Солдатик пил небольшими порциями, чокаясь с ветфельдшером и старой Рябчихой. Но вскоре и эта троица изрядно захмелела и начала оживленно трепаться, перебивая и не слушая друг друга. Особенно старалась пьяная Рябчиха, кудахтала громче всех и размахивала толстыми руками так, что в доме гулял ветер.

Медленно, но неуклонно хата Соловья превращалась в гудящий, роящийся улей.

А в это время жена ветфельдшера Грицька Горелого потчевала с ложечки наваристым бульоном бледного Дерипаску. Он лежал на кушетке в светелке и, блаженно улыбаясь, чамкал своей вставной челюстью. Благоверная супружница Грицька  дородная, сорокалетняя Оксана  была приятной собеседницей.
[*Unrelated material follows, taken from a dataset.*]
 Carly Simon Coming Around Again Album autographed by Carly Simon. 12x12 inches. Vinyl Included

 Болит рука, Ляксей Ефимыч?  спрашивала она, взирая на раненого с сочувствием и лаской.

 Не сильно,  отвечал он, украдкой поглядывая на красивое лицо женщины из-под рыжих лохматых бровей.

 А больше ничего вас не беспокоит? Голова или ребра?  допытывалась она с пристрастием сестры милосердия.
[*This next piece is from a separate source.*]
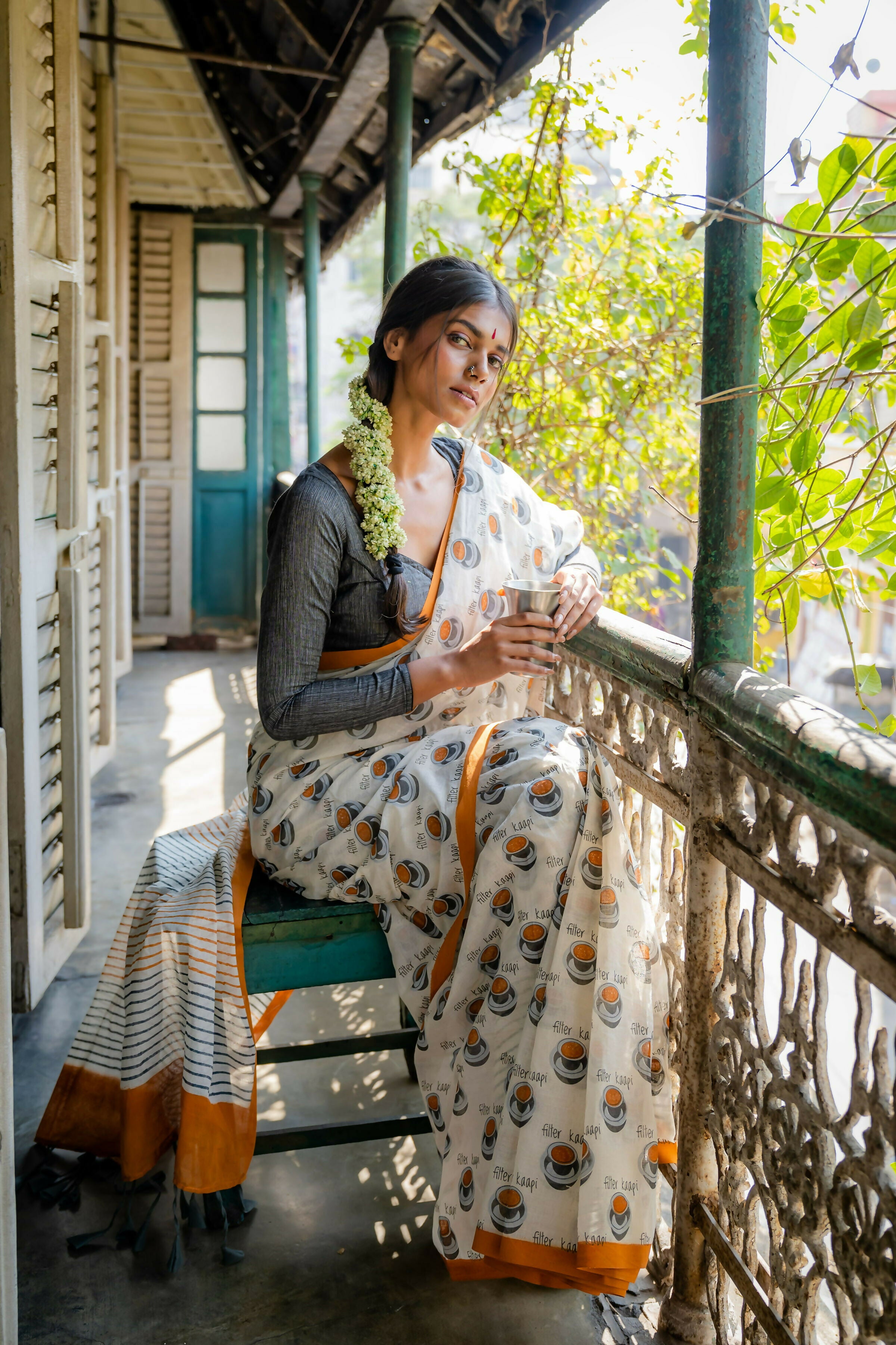 Filter coffee One of the best parts about travelling to the southern part of the country is the Filter Kaapi. This time, we thought of creating something to represent this hot favourite. Find this lovely white screen printed saree with Filter Kapi motifs throughout. We hope you love it as much as we love Filter Kaapi, both in our glasses and on our sarees.

 Да нет!  молодцевато встряхивал головой Дерипаска и с благодарностью улыбался своей сиделке.

Досыта накормив подопечного, Оксана включила телевизор и присела на стульчик, стоящий рядом с кушеткой.

Дерипаска лежал, прислушиваясь к дыханию дивной женщины, и хмелел от тепла и ее присутствия.
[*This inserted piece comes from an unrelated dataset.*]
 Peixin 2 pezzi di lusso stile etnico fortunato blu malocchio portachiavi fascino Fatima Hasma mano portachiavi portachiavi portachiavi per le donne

В хате Соловья шел пир горой. Мужики и бабы, уже крепко упившиеся, гарцевали, как молодые жеребцы в стойле. Сам Федька, косой и ухмыляющийся, залихватски растягивал меха старенькой гармошки, наяривая что-то из народных мотивов.

Валька, сидевшая до того с задумчивым видом возле Степки, не выдержала и тоже пошла в пляс, потянув за собой кавалера. Тот, сначала поддавшись, вдруг заартачился, сник и сел на свое место. Валька досадливо махнула рукой и, задорно виляя бедрами, пошла выбрасывать легкомысленные коленца. К ней тут же подкатил раздухарившийся от хмеля Кукуйко. Обхватил лапами молодку за стан и закружил.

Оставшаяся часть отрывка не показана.